When Pete Townshend knew he could never match Jimi Hendrix: “No reason now why I shouldn’t try”
Rock and roll has never been about playing fair. Even though many artists can try their best to play whatever song suits them, there are always going to be people lingering in the background, figuring out how to either take over for you or make something that blows you out of the water. And while Pete Townshend had a cocksure attitude about The Who, his competition always made him want to play better whenever he saw them onstage.
Then again, Townshend was much more of a punk than any of the punk rockers that came after him. He was always about disrupting the established version of what rock and roll was supposed to be, and while he was friendly with Sex Pistols during his time in the spotlight, it wasn’t an accident that everyone clad in leather jackets and spikes could happily carry Quadrophenia under their arm and still hold onto their credibility.
Because looking at The Who’s live show, it was an all-out war between the band members and the audience when they played. Their show at Woodstock has gone down in history as one of their finest moments.

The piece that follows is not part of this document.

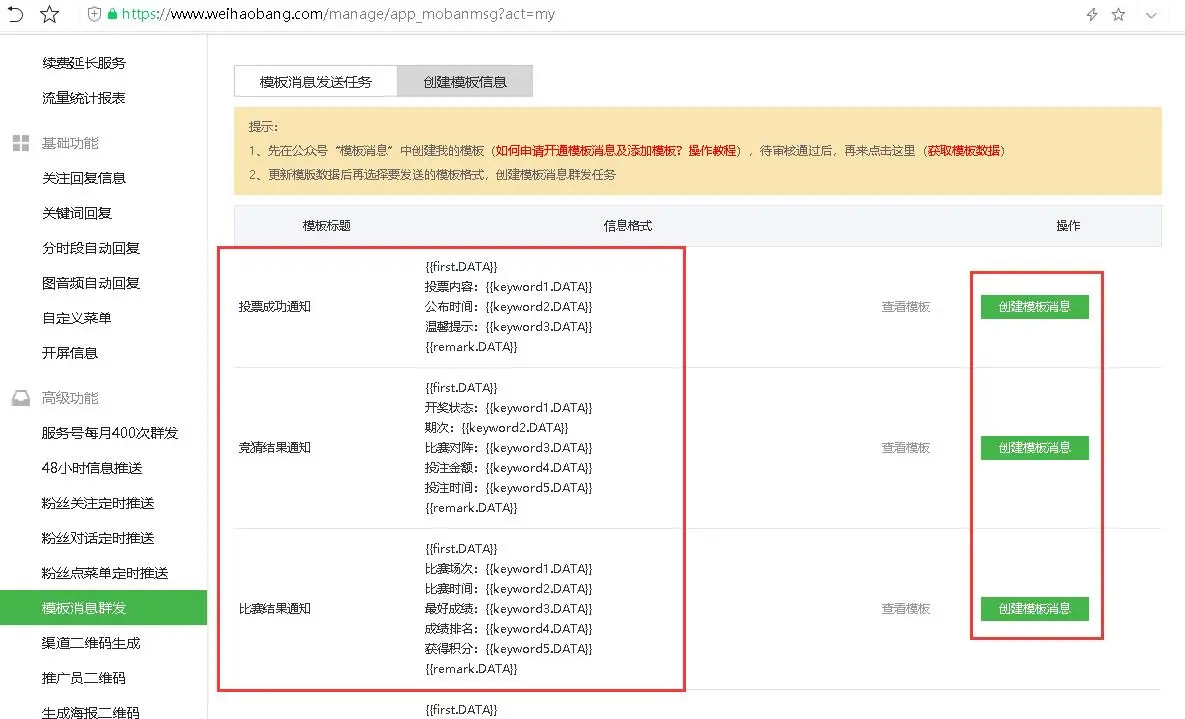 微号帮提供服务号每月400次群发、模板消息群发功能,不同的场景应用不同的功能,今天主要讲解模板消息群发功能。

Still, even then, Townshend seemed to be toying with the idea of what audiences expected, always making sure to give them a spectacle and not leaving a guitar intact once they were finished onstage.
If Townshend left audiences in awe with spectacle, though, Jimi Hendrix was the complete package. Whereas Townshend was a fan of many different flavours of music, Hendrix was the one who could translate all of them in real-time whenever he got onstage, playing blues in one minute, soul the next, and then creating musical colours that most people didn’t feel were possible at the time.
And especially in the era when Eric Clapton was being viewed as a musical god, Hendrix seemed to transcend anything ‘Slowhand’ was doing. Everyone loved to listen to a track like ‘Sunshine of Your Love,’ but within the first few seconds of ‘Purple Haze,’ Hendrix broke down the layers of someone’s brain and started testing the parameters of the psychedelic movement.
But even when watching him from the wings in the early days, Townshend’s first reaction was to show Hendrix who was boss, saying, “I thought I’d never, ever be as great as he is, but there’s certainly no reason now why I shouldn’t try. In fact, I remember saying to Eric, I’m going to play him off the stage one day. But what Eric did was even more peculiar, he said, Well, I’m going to pretend that I am Jimi Hendrix!”
While anyone trying to copy what Hendrix did is fighting a losing battle, Townshend’s valiant attempts did make for some fantastic music. He cut his teeth being a rhythm guitarist, but watching him grow as a lead player on Who’s Next and Quadrophenia is forever indebted to what Hendrix did during his short time on this Earth.
Because for all of the gusto he packed into ‘My Generation,’ Townshend knew that rock was about more than a few good songs. It was about leaving an impression, and if anyone could leave an impression anywhere close to what Hendrix did, it would be enough for any average musician’s entire lifetime.